Lord Gilbert of Panteg: We can come back to you on it. I do not think it would carry a legal risk. What I am trying to get at is to meet the objective the Secretary of State sets out in her article by stopping platforms taking down talkRADIO or UK journalism, as defined in the Bill, rather than just putting it outside the scope of the Bill.
Nadine Dorries: I think I understand what you are asking for. If you can put something in a recommendation, we will start work on that, now that we have advance notice of what you are looking at, and then, hopefully, by the time your recommendations come forward on 10 December—
The Chair: By the 10th.
Nadine Dorries: As soon as possible would be wonderful, because we want to get the Bill on the Floor of the House, so the sooner you can make your recommendations, the better.
Chris Philp: For clarity, are you suggesting a hard prohibition on platforms taking down content produced by organisations defined by Clause 40? I think that is your suggestion.
Lord Gilbert of Panteg: That is my suggestion. I think that is much closer to what the Secretary of State defines as protection in her article.
Chris Philp: As one clarifying question, does Clause 14 as drafted, which protects journalistic content, not come very close to doing that already?
Lord Gilbert of Panteg: No, I do not think it does.
Chris Philp: Why not?
Lord Gilbert of Panteg: I still think the platform, on the basis of its own sensibilities, can take stuff down. It does not.
Nadine Dorries: There would be a right of appeal, but it could if it wanted to.

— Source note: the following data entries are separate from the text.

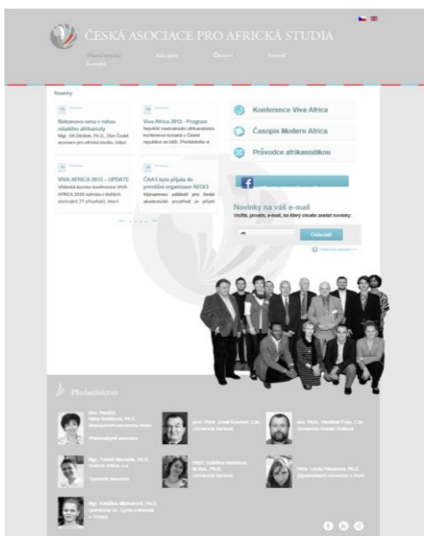
Náhled úvodní webové stránky České asociace pro africká studia.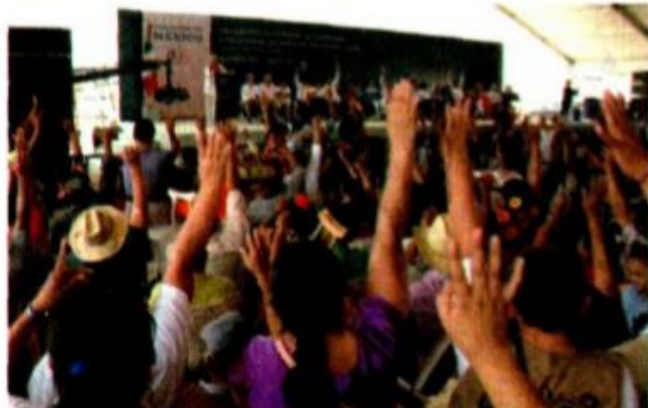
Las consultas a mano alzada son algunas prácticas que han causado controversia en lo que va del gobierno de López Obrador.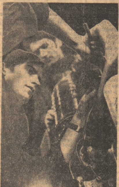
„Putem spune că muncim într-o secție a tineretului”

Și cine ar putea să ne sintetizeze mai exact dimensiunile prezente și în perspectivă ale activității de creație, de autoturare, decît tovarășul Lucian Cazacu, inginer șef cu concepția, el însuși avînd o extrem de valoroasă contribuție în acest compartiment.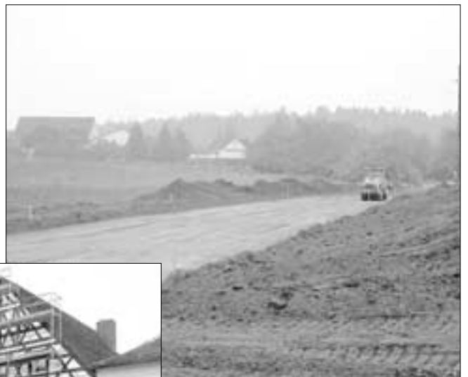
Baubeginn Straßenbau Rothenberg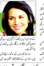
واشنگٹن (ایجنٹس) امریکی کنگرس میں تسی گبارڈ کی تصویر

ہندو نژاد تسی گبارڈ صدر عہدہ کے لئے امیدوار ہو سکتی ہیں۔ تسی گبارڈ نے کہا کہ ہندو نژاد تسی گبارڈ صدر عہدہ کے لئے امیدوار ہو سکتی ہیں۔

We need to look at that, and that is work we need to do
Lord Gilbert of Panteg: A right of appeal is no good for a news organisation because by the time—
Nadine Dorries: The right of appeal we are putting into the Bill has to be a swift response, so it would not be down for long if it was down. Again, I cite the David Davis video, which was long and tortuous to get back up. If they took down democratic content, Ofcom would be able, quite quickly, to keep an eye on that, and make sure it got back up quite quickly. We have that provision on the right of appeal and making them respond and act quickly, but I think we need to take it away and do some work on it.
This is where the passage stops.